* _TASK TO CARRY OUT_
Every line from the one containing "Brocanteが得意とする" to the end of the records below must be copied exactly, and no pictures may be included.

* _ENTRIES SUPPLIED_
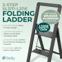 The slim, space-saving design lets you fold the ladder to a compact size for storage. Once folded, the step ladder is barely 2" thick offering easy, convenient storage in very narrow places, say goodbye to big, bulky ladders. Lightweight and slim design make transportation a breeze
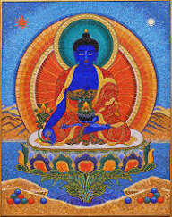 Будду Медицины по-другому называют Бхайшаджьягуру Вайдурьяпрабхараджа, что в переводе с санскрита означает «Исцеляющий Учитель Лазуритового Сияния». В Тибете верят, что искреннему человеку достаточно одного прикосновения к его изображению для того, чтобы исцелиться. В Ведах описано, как Будда Медицины подарил людям Четыре Тантры Исцеления.
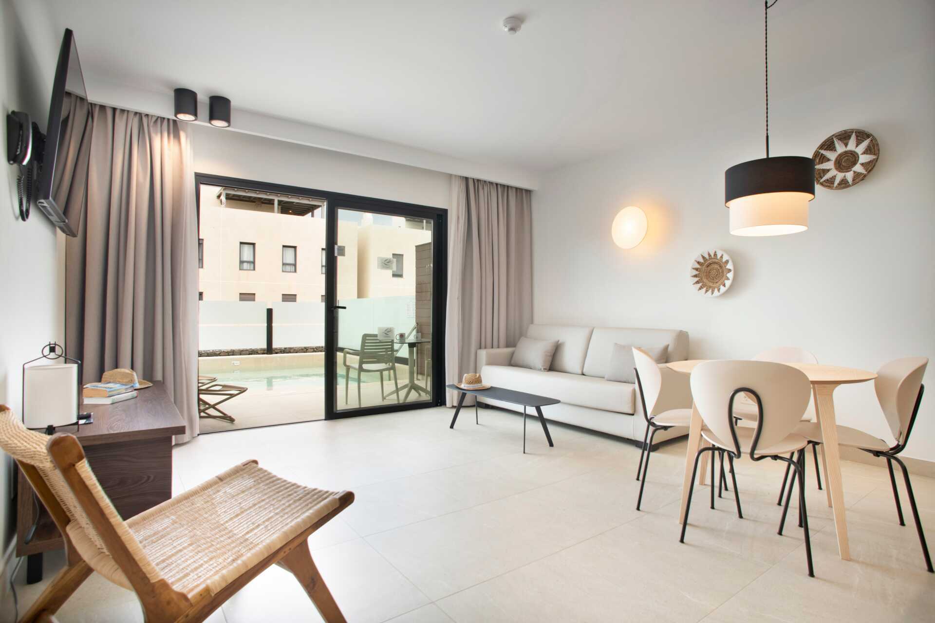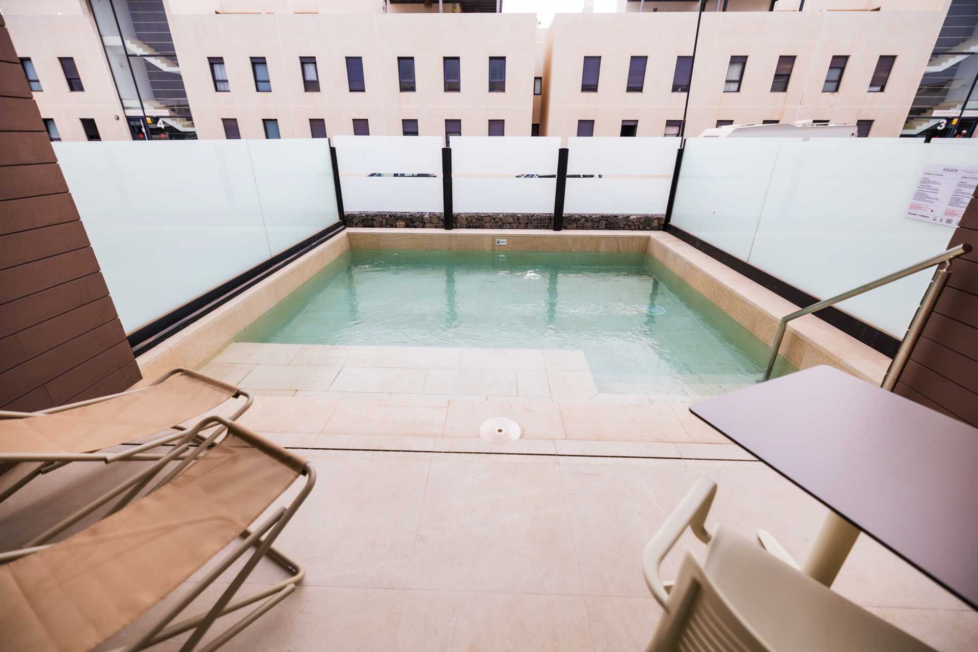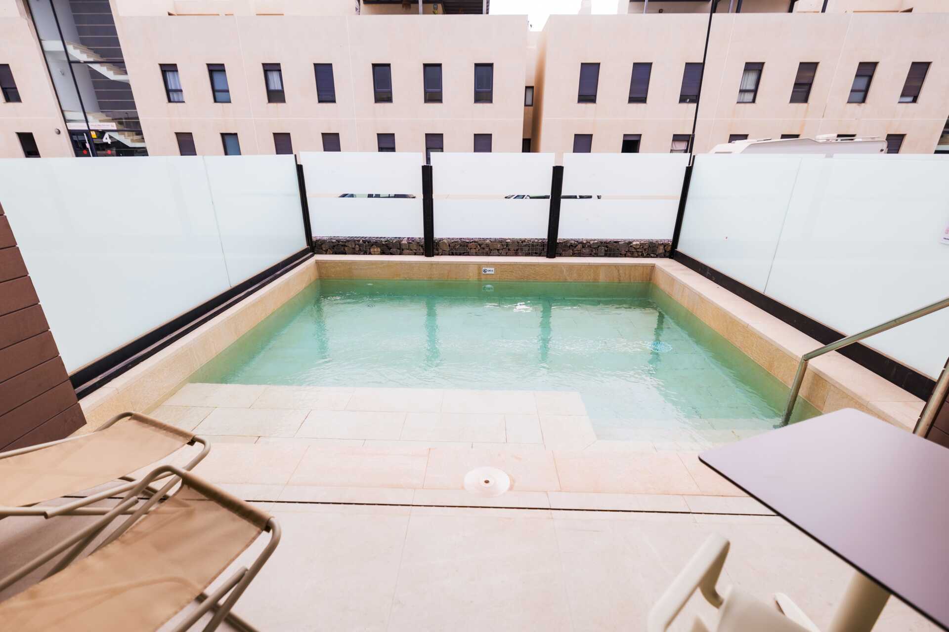 Treromsleilighet med eget basseng på terrassen. To soverom og en stue med minikjøkken. Minikjøkken med kokeplater, kjøleskap, kaffetrakter, vannkoker, kaffe og te og enkelt kjøkkenutstyr. Wifi, luftkondisjonering og safe inkludert. TV. Hårføner. Dusj og wc. Rengjøring 7 ggr/uke.
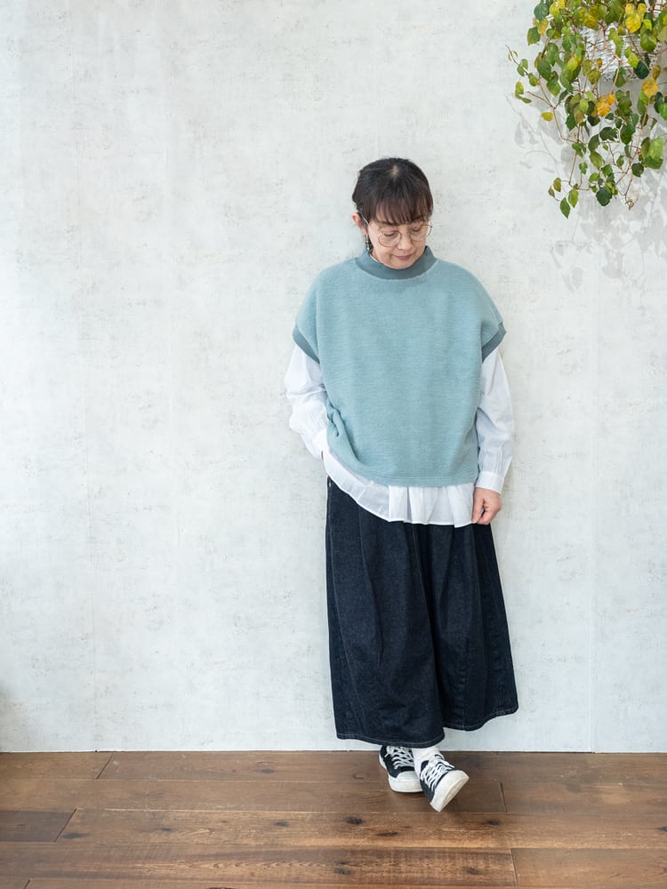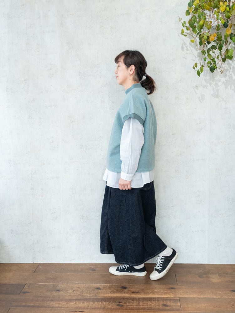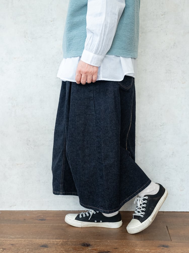 Brocanteが得意とするコクーンシルエットと大きな1本タックがポイントのアンプリッセシリーズにデニムスカートが加わりました。
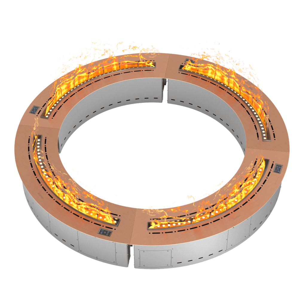 Удобная «секционность» модели позволяет собрать и замкнутый круг, и половину круга, или даже сложные элементы. Возможность соединения 15 топок с синхронным управлением позволит реализовать любой необычный проект.

* _EXERCISE OUTPUT_
 Brocanteが得意とするコクーンシルエットと大きな1本タックがポイントのアンプリッセシリーズにデニムスカートが加わりました。
 Удобная «секционность» модели позволяет собрать и замкнутый круг, и половину круга, или даже сложные элементы. Возможность соединения 15 топок с синхронным управлением позволит реализовать любой необычный проект.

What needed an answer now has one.